• RECORDED DATA:
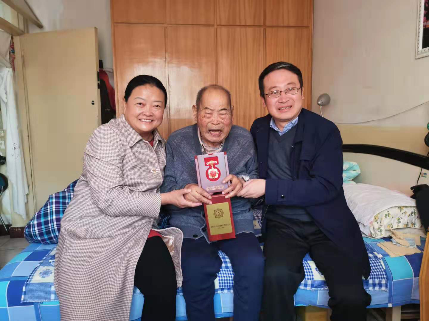 为隆重庆祝中华人民共和国成立70周年,根据《关于认真做好“庆祝中华人民共和国成立70周年”纪念章发放工作的通知》州人社字【2019】410文件精神和州卫生健康委党委要求,9月27日上午,太阳集团tyc539党总支书记、董事长赵苏静同志、太阳集团tyc539党总支副书记、副董事长黎昱民同志一行4人,赴公司离休老干部陈衍耐家中送去中共中央、 国务院 、中央军委颁发的“庆祝中华人民共和国成立70周年”纪念章及慰问品。赵苏静同志转达了上级部门的亲切关怀,向子女询问陈老的身体状况、日常起居和陈老进行了愉快的交流,收到纪念章的时候陈老十分开心,老人连连道谢,感谢党和政府还惦记着自己。
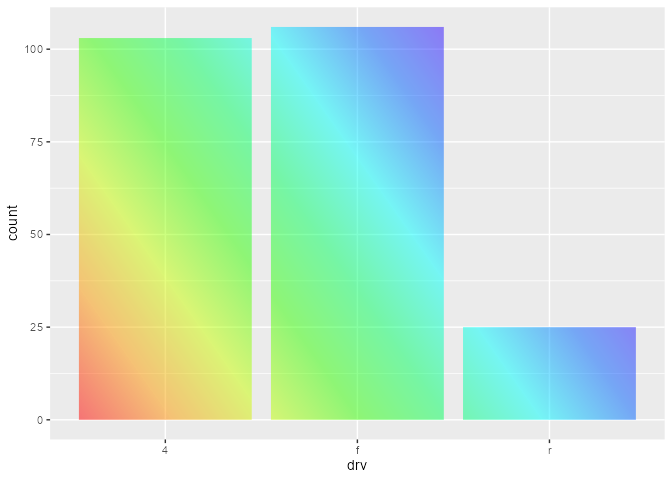 p + geom_bar(fill = grad, alpha = 0.5) Radial gradients work as expected. grad <- radialGradient(rainbow(10))
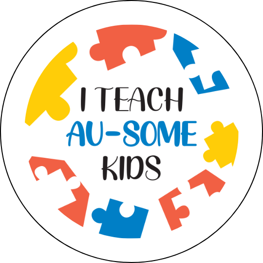 Значка със забавен текст: „I Teach Au-Some Kids“. Със своя креативен дизайн и шеговито послание тази значка ще бъде освежаващ аксесоар за още по-добро настроение! Материали: ламинирана лицева част, гръб с безопасна игла Размери: диаметър 42 мм
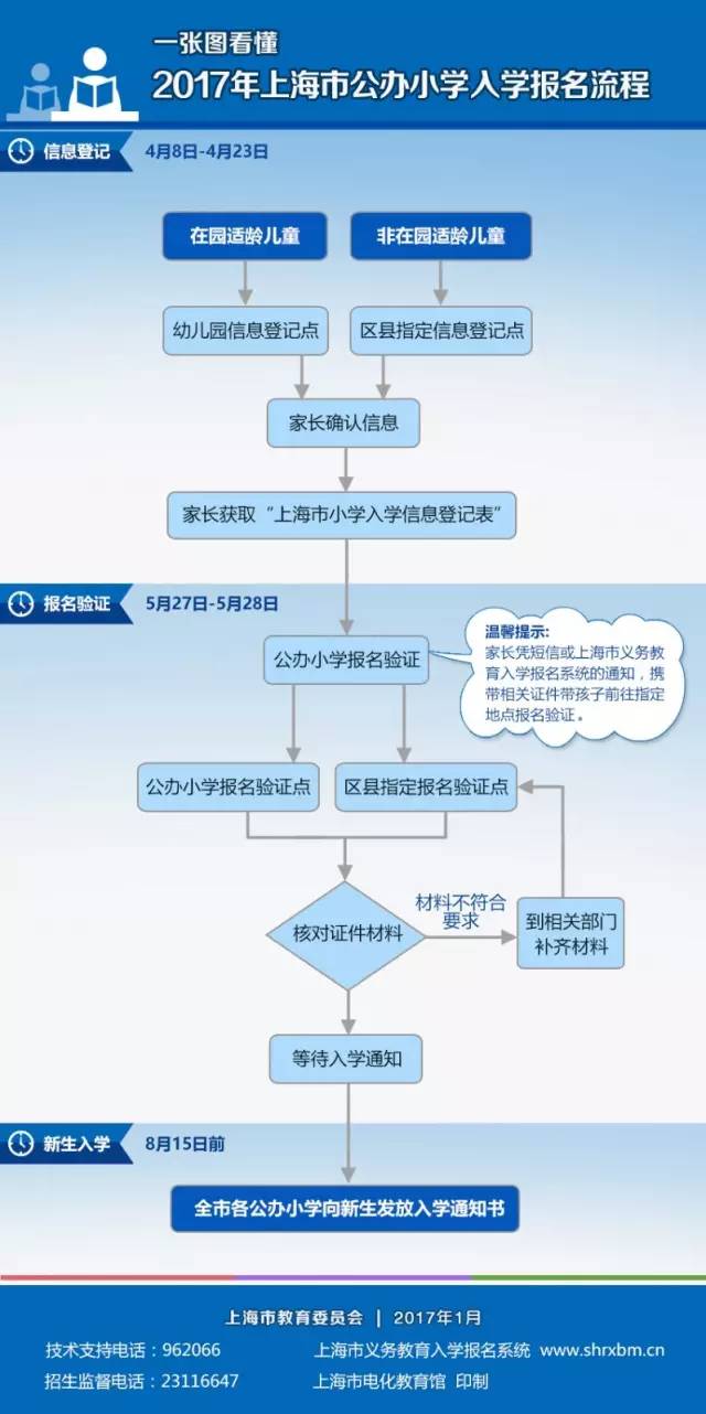 2017年,本市繼續(xù)實(shí)行小學(xué)一年級新生入學(xué)信息登記辦法。年滿6周歲(2010年9月1日~2011年8月31日出生)、本市戶籍的適齡兒童和符合條件的非本市戶籍的適齡兒童,均須先進(jìn)行入學(xué)信息登記。2月24日前,家長須對適齡兒童在讀幼兒園提供的相關(guān)人口信息、靈活就業(yè)信息進(jìn)行比對確認(rèn),如與實(shí)際情況不符,應(yīng)到有關(guān)部門補(bǔ)辦或更正信息;符合入學(xué)條件的非本市戶籍適齡兒童所持的《上海市臨時居住證》上的居住地址,還應(yīng)與父母所持居住證(或臨時居住證)上的居住地址相一致。4月8日~4月23日,在園適齡兒童家長在幼兒園登記孩子入學(xué)信息,獲取小學(xué)入學(xué)信息登記表;未入園適齡兒童家長在各區(qū)縣指定地點(diǎn)登記孩子入學(xué)信息,獲取小學(xué)入學(xué)信息登記表。5月27日~5月28日為全市公辦小學(xué)報名驗(yàn)證日,各區(qū)指定的報名驗(yàn)證點(diǎn)對已填寫入學(xué)信息登記的適齡兒童以及家長的證件進(jìn)行現(xiàn)場核對。

• WORK INSTRUCTIONS: All of the data above must be printed exactly, minus its pictures.

• SOLVED PROBLEM:
 为隆重庆祝中华人民共和国成立70周年,根据《关于认真做好“庆祝中华人民共和国成立70周年”纪念章发放工作的通知》州人社字【2019】410文件精神和州卫生健康委党委要求,9月27日上午,太阳集团tyc539党总支书记、董事长赵苏静同志、太阳集团tyc539党总支副书记、副董事长黎昱民同志一行4人,赴公司离休老干部陈衍耐家中送去中共中央、 国务院 、中央军委颁发的“庆祝中华人民共和国成立70周年”纪念章及慰问品。赵苏静同志转达了上级部门的亲切关怀,向子女询问陈老的身体状况、日常起居和陈老进行了愉快的交流,收到纪念章的时候陈老十分开心,老人连连道谢,感谢党和政府还惦记着自己。
 p + geom_bar(fill = grad, alpha = 0.5) Radial gradients work as expected. grad <- radialGradient(rainbow(10))
 Значка със забавен текст: „I Teach Au-Some Kids“. Със своя креативен дизайн и шеговито послание тази значка ще бъде освежаващ аксесоар за още по-добро настроение! Материали: ламинирана лицева част, гръб с безопасна игла Размери: диаметър 42 мм
 2017年,本市繼續(xù)實(shí)行小學(xué)一年級新生入學(xué)信息登記辦法。年滿6周歲(2010年9月1日~2011年8月31日出生)、本市戶籍的適齡兒童和符合條件的非本市戶籍的適齡兒童,均須先進(jìn)行入學(xué)信息登記。2月24日前,家長須對適齡兒童在讀幼兒園提供的相關(guān)人口信息、靈活就業(yè)信息進(jìn)行比對確認(rèn),如與實(shí)際情況不符,應(yīng)到有關(guān)部門補(bǔ)辦或更正信息;符合入學(xué)條件的非本市戶籍適齡兒童所持的《上海市臨時居住證》上的居住地址,還應(yīng)與父母所持居住證(或臨時居住證)上的居住地址相一致。4月8日~4月23日,在園適齡兒童家長在幼兒園登記孩子入學(xué)信息,獲取小學(xué)入學(xué)信息登記表;未入園適齡兒童家長在各區(qū)縣指定地點(diǎn)登記孩子入學(xué)信息,獲取小學(xué)入學(xué)信息登記表。5月27日~5月28日為全市公辦小學(xué)報名驗(yàn)證日,各區(qū)指定的報名驗(yàn)證點(diǎn)對已填寫入學(xué)信息登記的適齡兒童以及家長的證件進(jìn)行現(xiàn)場核對。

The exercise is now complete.